Assim, o mais correto, a princípio, seria o entendimento apresentado por Giselda
Maria Fernandes Novaes Hironaka, no sentido de que a verificação do tipo da obrigação
assumida pelo cirurgião dependerá do caso concreto: se prometeu alcançar determinado
resultado, apresentando fotografias “antes e depois” e levando o paciente a concluir que ficará
de determinada maneira, caracterizada estará obrigação de fim; deixando claro que se não
garante o resultado, será obrigação de meio. Entretanto, na prática, se assim fosse, difícil
imaginar uma situação em que alguém se submeteria a esse tipo de cirurgia, principalmente
sem ter a exata noção de como ficará depois; por isso a obrigação de resultado parece mais
alinhada às expectativas dos pacientes que se submetem a esse tipo de cirurgia.
127
O grande cuidado que deve ser tomado é para que os Tribunais não considerem a
questão de maneira tão estanque, ou seja, não alcançado o resultado, presente o dever de
indenizar, mas se existir inexecução que fuja do seu alcance, como caso fortuito, força maior
e culpa exclusiva da vítima, não deve ser o médico responsabilizado; e nesse tocante se insere
a álea do corpo, pois se impossível de ser aferido motivo físico próprio do paciente que
impeça a execução, caracterizado estaria o rompimento do nexo de causalidade.

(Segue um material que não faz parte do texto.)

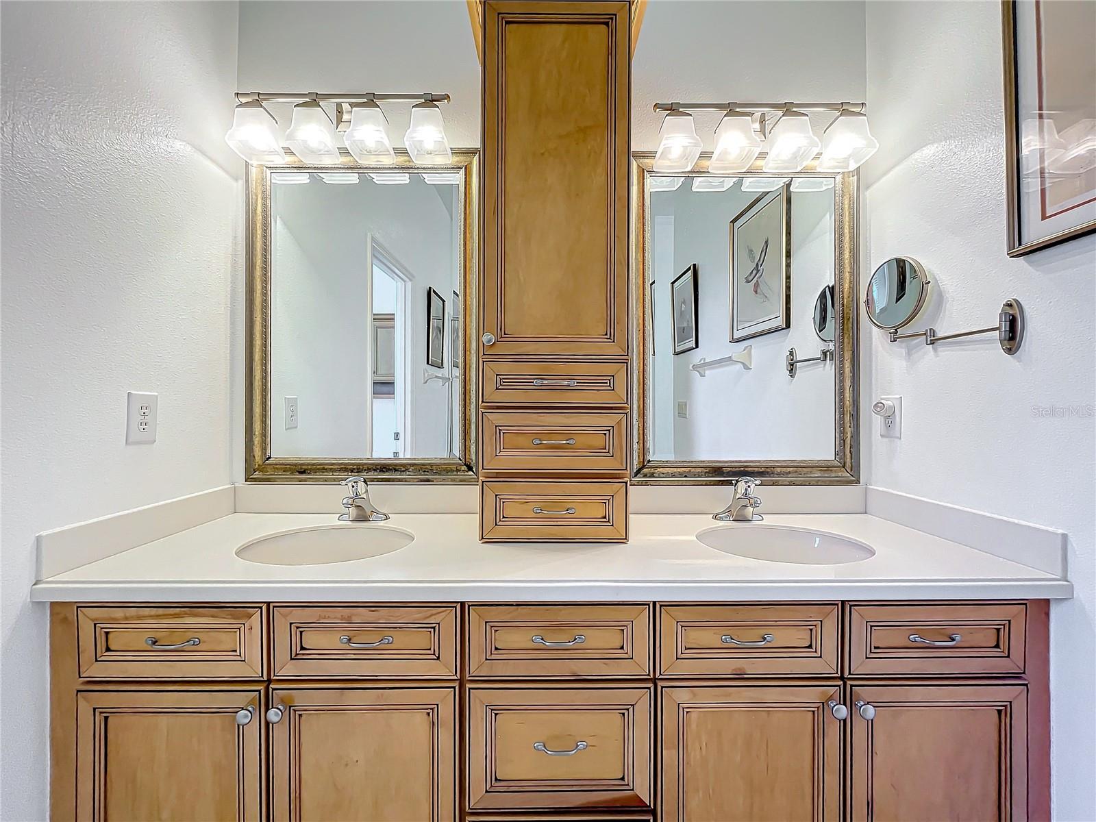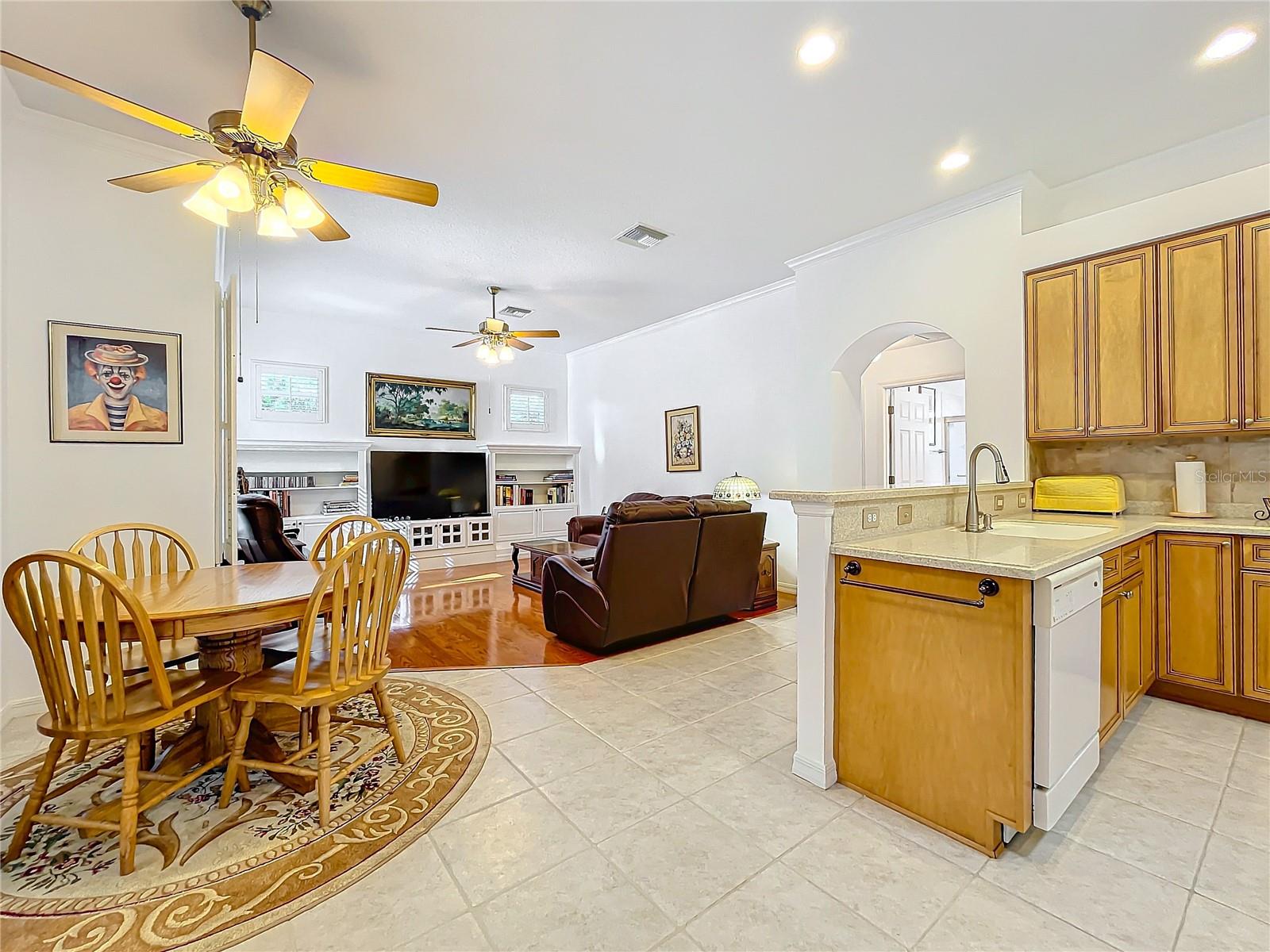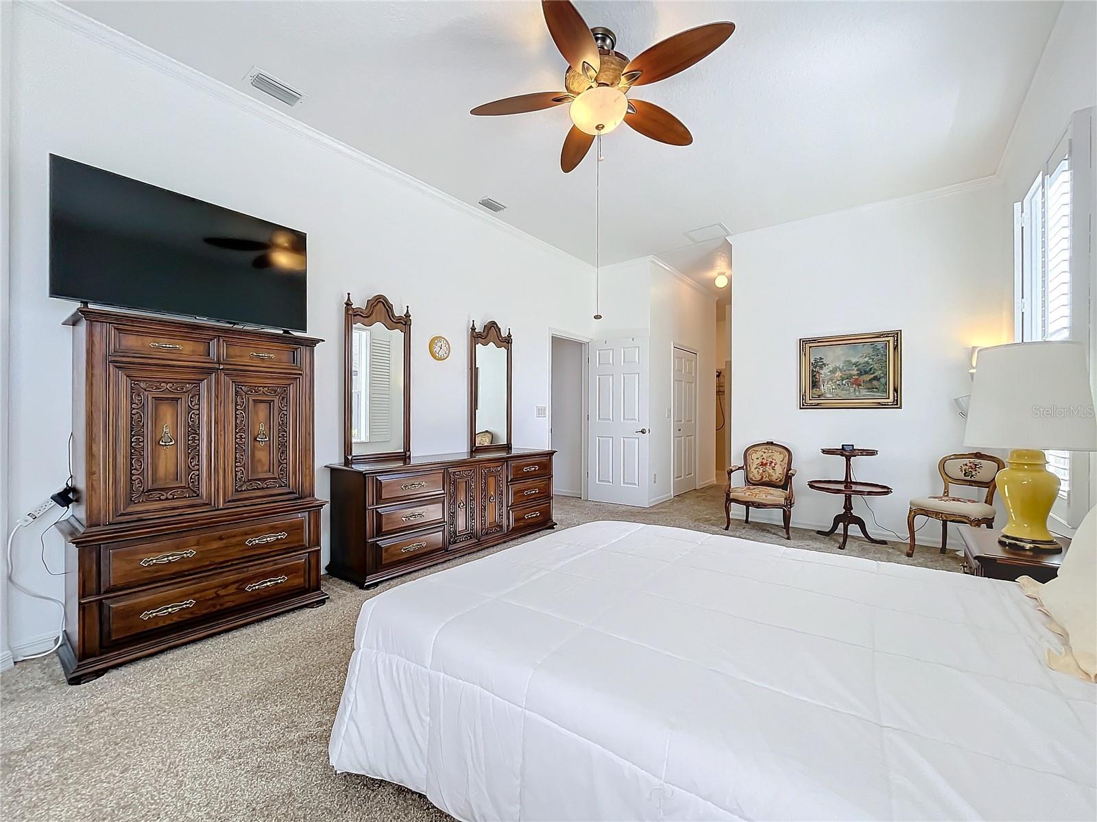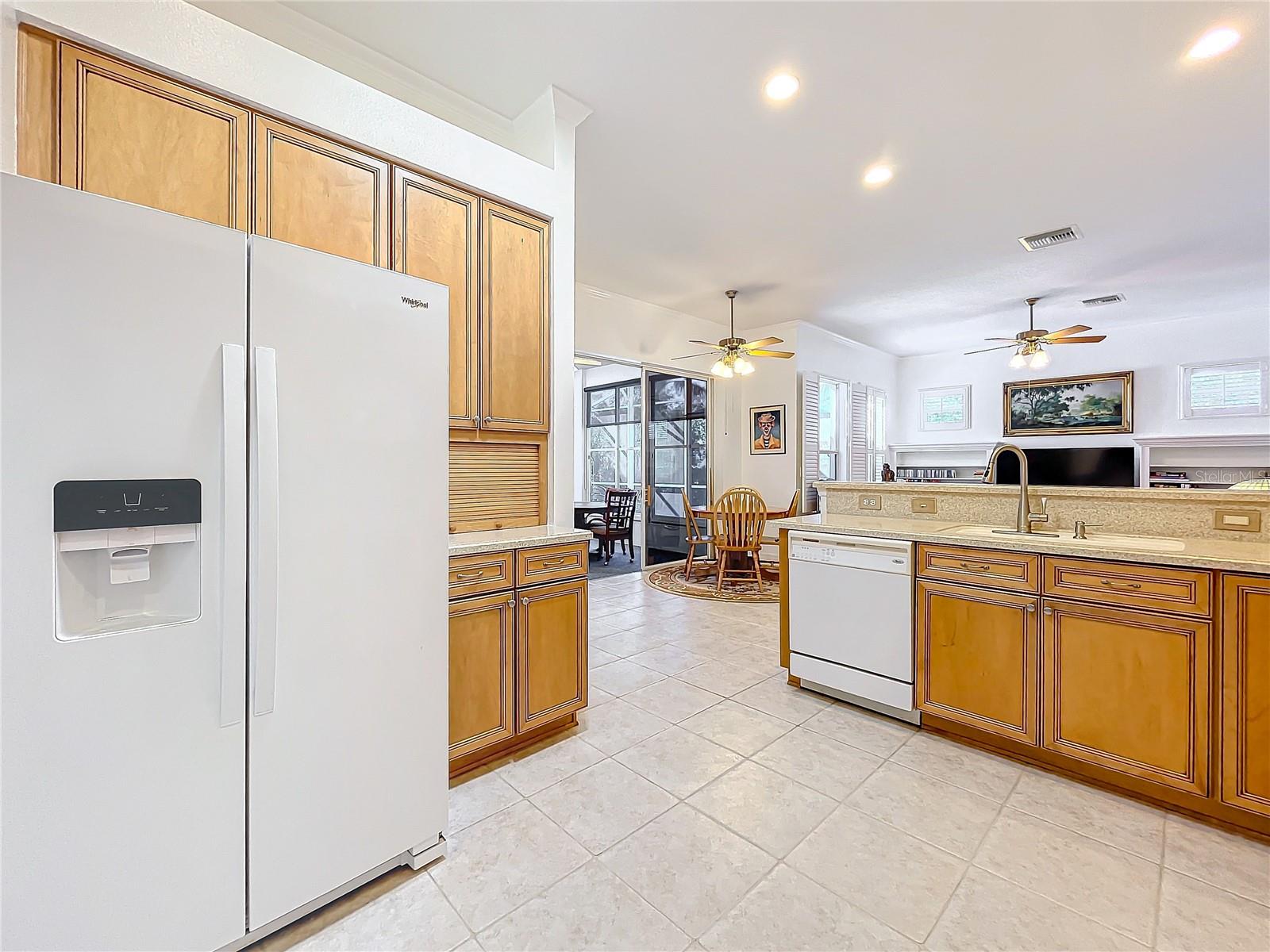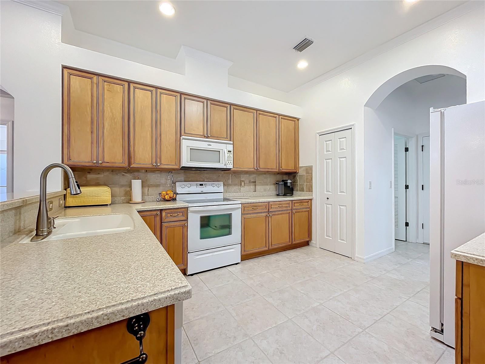 Resort Style Living at its best, this home is in the amenity-rich 55 plus active community of Legacy of Leesburg in Florida, which is centrally located between Clermont and The Villages. This home has an amazing floor plan, many upgrades, and has been meticulously maintained. This home sits on an oversized lot which is approximately 1/4 acre of land. Upon entry to the home, you are welcomed into the formal living/dining space with Vaulted ceilings and two (2) Solar lights which brings in the Florida sunshine. The living/dining room opens, through French doors, to the enclosed 3 seasoned lanai which extends to an outside screened in patio. The master suite is just off the formal living areas and features his and her walk-in closets, a linen closet, a very spacious walk-in shower, dual sinks, many cabinets and a separate toilet closet. When entertaining, the kitchen is at the heart of the house and boasts 42" cabinets with pullout drawers, a solar light, Corian counters, a beautiful tile backsplash, and a breakfast bar that overlooks the family room. The family room has custom Built-in bookcases and an engineered hardwood floor. This particular home has an abundance of features and upgrades - Laminate floors in the 2nd and 3rd bedroom, 10 ft ceilings in family room, kitchen and kitchen nook, Crown Molding in primary bedroom, kitchen and family room, Plantation shutters throughout except for 2nd and 3rd bedrooms, Built in cabinets in Laundry room, Solar tubes/ceiling lights (4) in living/dining room, kitchen & lanai, Cut glass chandeliers in entrance foyer and dining area; Ceiling fans (7) throughout. All new drought tolerant and low maintenance landscaping done (2023), Cement curbing around the house painted and sealed (2023), Irrigation system with metered sprinklers updated (2023), Entire interior of home was painted including the closets, lanai, and garage (2022), Guest Bathroom remodeled and shower doors added (2022), New indoor/outdoor carpet in lanai (2022), Additional shelving added in all closets (2022), Epoxy coating in garage, driveway and walkway leading in to front entrance (2019) , Exterior painting of home (2019), Whole house water filtration system added (2017), REFRIGERATOR WITH ICE MAKER (2018), HVAC ( HEAT CYCLE IS POWERED BY NATURAL GAS) (2018), NEW ROOF (2019), GAS WATER HEATER (2022). The Community features a gated entrance and if you are someone who needs to stay busy, the Community has you covered with many activities. The Clubhouse has a Fitness Center, Aerobics & Dance Studio, Hobby & Game Room, Card Room, Ceramics Studio, Arts & Crafts Studio, Sewing Studio, Ballroom, Computers, Library, Billiards, Demonstration Kitchen, and Locker rooms. Outside there is a beautiful Resort style swimming pool, many Walking & Biking Trails (13), Tennis Courts, Pickleball Courts, Bocce Ball Courts, Horseshoe Pits, Softball/Baseball Field, Picnic area, and a Gazebo. Legacy of Leesburg is known as the Nature community and has preserved many Scenic Lakes, Ponds, Parks & Natural Space. HOA DUES include Basic Cable, Internet, cutting of the lawn, & a secure RV/Boat parking lot.

Quanto à inversão do ônus da prova, presente no Código de Defesa do Consumidor, há
discussão sobre sua aplicabilidade ou não para as obrigações médicas. De todo o modo, em se
tratando de obrigação de resultado, tal discussão se torna irrelevante, pois pela sua própria
natureza, existirá inversão do ônus da prova, já que existe presunção de culpa em desvafor do
profissional, conforme o entendimento que prevalece atualmente na jurisprudência nacional.
O tema, enfim, carrega consigo tamanha complexidade que necessita, pois, de estudos
e discussões contínuos. O presente trabalho apenas buscou delinear o tratamento jurídico
conferido pela doutrina e jurisprudência atual ao tema, na busca de facilitar o entendimento
quanto à interação que sempre existirá entre as ciências médicas e as jurídicas, mormente no
tocante à responsabilidade civil decorrente das cirurgias estéticas, assunto cada vez mais em
voga diante da utilização cada vez mais comum dos referidos procedimentos. Em se tratando
de um tema ligado aos constantes avanços das ciências médicas, não poderia ser tratado, de
modo algum, com exaustão ou com soluções estanques.